Марша Фрейзьер была высокой и худощавой: костлявое лицо с глубокими впадинами. Она не носила макияжа. Серые глаза, слегка веснушчатая кожа. Какая-то
– Это ваш купе перед домом? – спросил Хедли. – Тот серый «студебекер»?
Марша кивнула.
– Его надо помыть.
– Симпатичная тачка.
– Хорошо бегает, – согласилась она. – Но мощности маловато. Зато из нее удобно выглядывать… задняя часть кузова – почти вся из стекла.
– Я знаю, – сказал Хедли. – Я на таких ездил. Они классные.
– Кадиллак уже не починить, – понуро заговорила вновь Лора. – Видно, придется сдать его на металлолом. За отдельные запчасти можно выручить двадцать баксов, – затем она добавила: – Он припаркован на Мишен-стрит. Думаю, завтра сан-францисская полиция все равно его эвакуирует.
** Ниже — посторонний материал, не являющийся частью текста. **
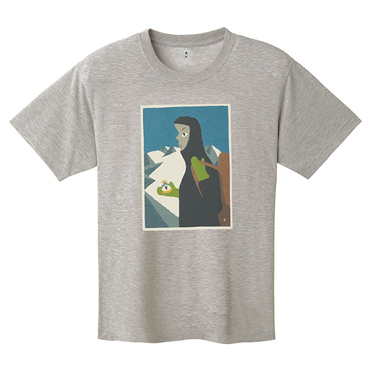コットンのような自然な風合いと、優しい肌触りを持ちながらも、優れた速乾性と通気性を兼ね備えた快適素材です。トレッキングだけでなく、日常でも快適な着用感です。「山の版画家」畦地梅太郎さん(1999年没)による作品をプリントしています。

– Очень жаль, – сказал Хедли, пытаясь говорить сочувственно, но его симпатия к Гоулдам резко пошла на убыль. Их смуглые, неприятные лица внушали ему отвращение. «Два тролля», – подумал он. Хриплоголосые тролли с большими ступнями и руками лопатой. Бородавчатые и неприветливые – точь-в-точь как в сказках. Хедли уже потерял к ним интерес и переключил внимание на стройную сероглазую женщину.
Она налил себе дешевого вина.
– Почему вы назвали меня художником? – спросил он Маршу.
– Мы рассказали ей, – пояснила Лора. – Про твои картины – ну, ты знаешь.
– Я уже давно ничего не писал, – ответил Хедли. Но у него появилось странное чувство: он понял, что мог без труда представить себя художником. – Вы издаете журнал? – спросил Хедли. – Вы – главный редактор «Суккуба»?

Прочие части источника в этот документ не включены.